If the bishops are planning to try to vote the 22% of Americans who are Catholic, then I want to go on record as saying that this Catholic will not be voted by the bishops; not them, or anyone else. 

I didn’t let special interests “vote” me when I was in office. I went against my party leadership anytime I felt like it, and as usual, I’ve got the scars to prove it. I was a team player, but I never once felt that being a team player required me to vote for something I was against. 

Now that I am a private citizen, I consider my vote just as precious and just as much my privilege to cast myself as I did then, when I spoke for thousands of people. I will vote to the best of my ability for the candidates and issues that I honestly believe are in the interest of the common good. 

I believe without question that a just and stable government is the ultimate political good and an unjust and unstable government is the ultimate political harm. Nothing, no issue, including abortion, is more important than a just and stable government. 

That is because unjust governments have killed more people, destroyed more lives and wrecked human progress more thoroughly than any other single thing. Hitler killed 50 million people. Stalin probably killed as many more. Mao killed and killed. Consider Pol Pot, the Rwandan genocide, the Armenian genocide, the terrorisms of various dictatorships in South and Central America, the horrible wars in Africa and the Middle East, the mass exploitation of laboring people all over the world. 

All this is the result of unjust, unstable and corrupt governments. 

As much as I love the Catholic Church, history plainly teaches me that the various popes and bishops down through history have had one love affair with tyrants after another. So long as the tyrant in question supports them and their power, the bishops and popes have been ok with backing them. They stood strong against Communism, but I honestly believe that was mostly because Communism attacked the Church, not because it enslaved its people. 

This is a hard post to write.
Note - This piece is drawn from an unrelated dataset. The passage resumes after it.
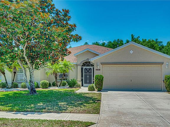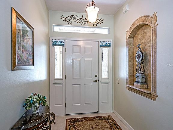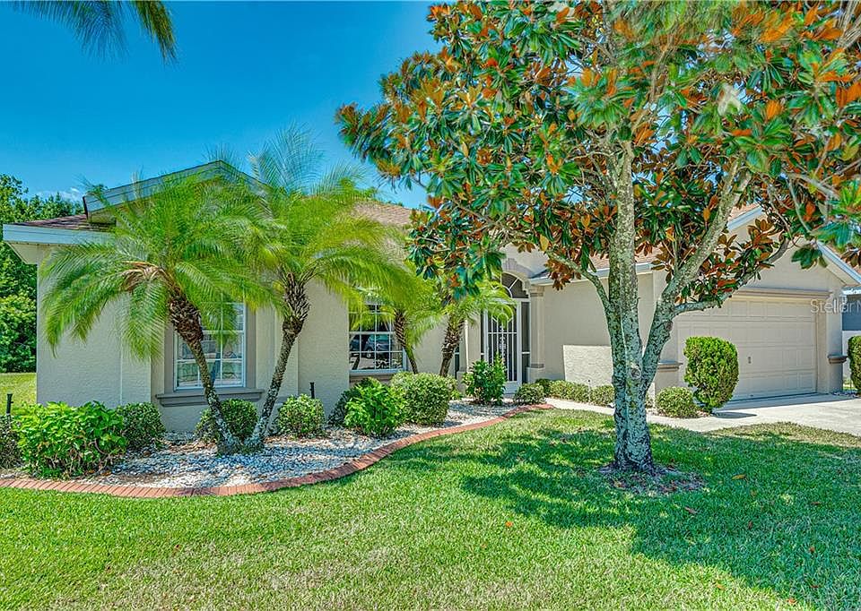 A carefree lifestyle awaits you in Carillon Lakes in this beautifully maintained original owner home. You enter the home through the screened front entry into a foyer that opens to the living room, dining room and kitchen with breakfast bar seating. The living room opens to a screened lanai that overlooks a wooded area affording total privacy. The kitchen features granite countertops, extra tall cabinets, a built in desk that overlooks the private back yard, a sliding window for pass through to the lanai, gas range, corner cabinet with Lazy Susan, new dishwasher and new garbage disposal. The floor plan features 3 bedrooms and an office/den off the living room. The spacious master bedroom is a dream and has an14x5 walk in closet and 12x12 master bathroom with double sinks and vanity, garden whirlpool tub and a separate shower. There is also a sliding door to the lanai from the master bedroom. The hallway has a spacious feel and features a lighted decorative niche and outlet. The a/c was replaced in 2018 and a Reme Halo Generator advanced oxidation system was added at that time. There has never been a pet or smoker living in this immaculate home. Lawn Maintenance is included in the HOA dues. All this including the wonderful Carillon Lakes amenities that features a 24 hr guard gate, beautiful Clubhouse with Junior-sized Olympic POOL and heated spa, fitness center, craft and card rooms, library, billiards room, lighted tennis, basketball and pickle ball courts, walking trails, playground, and boat ramps for small non motorized craft and fishing. Conveniently located near the Polk Parkway with easy access to Tampa and Orlando.

I would rather be all rainbows and ponies about my Church. I would much rather discuss the healing power of the sacraments, the kind and faithful care that I have received from my pastors, the generous forgiveness that has been extended to me, the Presence of Our Lord, real and loving, in the Eucharist. 

The Catholic Church is the Church. I don’t doubt that. But it is governed by fallen men who don’t answer to anyone but one another, and most of the time not even that. They’ve gone off the rails rather badly many times, in many ways.   
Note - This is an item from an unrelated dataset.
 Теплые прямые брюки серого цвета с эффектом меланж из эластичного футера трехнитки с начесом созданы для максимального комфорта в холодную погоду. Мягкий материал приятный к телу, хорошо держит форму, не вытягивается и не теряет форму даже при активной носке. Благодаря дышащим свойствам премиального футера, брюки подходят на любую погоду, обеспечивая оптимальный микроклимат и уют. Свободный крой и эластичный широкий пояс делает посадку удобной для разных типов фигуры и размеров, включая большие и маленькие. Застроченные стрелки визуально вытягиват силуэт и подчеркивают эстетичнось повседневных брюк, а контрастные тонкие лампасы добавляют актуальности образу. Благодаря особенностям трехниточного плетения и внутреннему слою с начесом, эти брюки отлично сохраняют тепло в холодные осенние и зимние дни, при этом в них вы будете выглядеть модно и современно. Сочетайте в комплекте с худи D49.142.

The tepid response to Hitler is one famous political fail, as is the equally tepid response to the building hatred in Rwanda. 

The on-going, generational, institutionalized and entrenched practice of supporting, enabling and even participating in the sexual abuse and rape of minors, parishioners and seminarians is a clear case of this. 

On top of that, abortion has become, or should have become, a moot issue at the federal level. We have the votes on the Supreme Court to overturn. There is a case in the barrel right now, waiting to be heard in March or so, which could — should — result in overturning Roe. 

If we get anything less than a full overturn, if the Court decides to “limit” abortion in some way, maybe by saying  that it should be allowed before 16 weeks or some such, then we’ve been manipulated and lied to. The Court packing strategy has failed. 

If that happens, the reaction I expect is to blame the Democrats instead of the people who chose and confirmed the pro-life majority that we supposedly have. I also expect nastily-worded calls to double down and put yet another someone on the Court, a move that might be a bridge too far for the whole country.  

We are tearing America apart with this. We have put a man in the White House who is doing things that could destroy not only America, but the entire edifice of Western defense against the totalitarian block. I do not want to live in a world dominated by Russia and China, courtesy of quisling Trump. 

For all these reasons, the bishops are not going to vote me. I am an American, and I will vote myself, just as I always have done.